Мимо нас промчался грузовик, доверху наполненный грязными памперсами и его «водитель», — тут это понятие подходило буквально — человек, который что-то ведёт за собою на верёвочке, — с удивлением посмотрел на двух нарушителей общественного порядка и даже крикнул нам что-то, вроде:
— После Стеньки вторыми будете!
— Это он про Разина что ли? — Левша повернулся к водителю спиной и, согнувшись в поясе, вызывающе предъявил наглецу заднюю часть тела. — Я вот не понимаю, как такое возможно, товарищ Председатель ЧК! Создаёшь соответствующий положению, антураж-макияж, ни рук, ни ног, не покладая — один стол на три миллиона и вдруг такое отношение! Обычный шоферюга кроет тебя матом! Нет, пора уже писать в «Спортлото»!
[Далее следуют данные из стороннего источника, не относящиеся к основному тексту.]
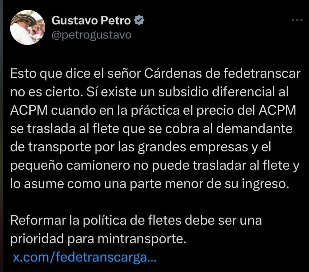 "Esto que dice el señor Cárdenas de Fedetranscarga no es cierto. Sí existe un subsidio diferencial al Acpm cuando en la práctica el precio se traslada al flete que se cobra al demandante de transporte", respondió el presidente Petro a Fedetranscarga
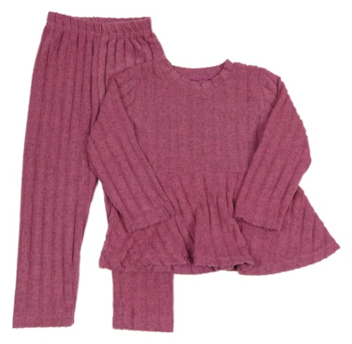 2set - Ružovo-sivá melírovaná rebrovaná svetrová tunika + nohavice

Я попросил Левшу успокоиться и лучше ответить на один очень важный, сильно волнующий меня, вопрос.
— А можешь ты припомнить, что в той брошюре про Алконост написано? Конкретно?
— Про кого?
Левше не сиделось. Ему вдруг показалось, что дерево стоит не вполне вертикально и он принялся его выравнивать.
— Про Аллу Константиновну. Старшую сестру.
— Сестру?
Придав пальме «верный стояк», Левша взялся за усовершенствование конструкции скамьи.
— Да сядь ты уже, ради всех святых, включая Воблину, мать её, Викентьевну! — не сдержавшись, выругался я. — Сядь и отвечай, о чём тебя спрашивает старший по зданию!
— По чему? — не понял Левша.
— Тьфу ты, — поправился я. — По званию!
— Ну, если так… — Левша присел на краешек скамьи и напустил на себя вид нищего на паперти. — Про какую сестру, вы сказали? Не ту ли, что меня у скворечника приняла?
— Ту, ту, какую ж ещё то!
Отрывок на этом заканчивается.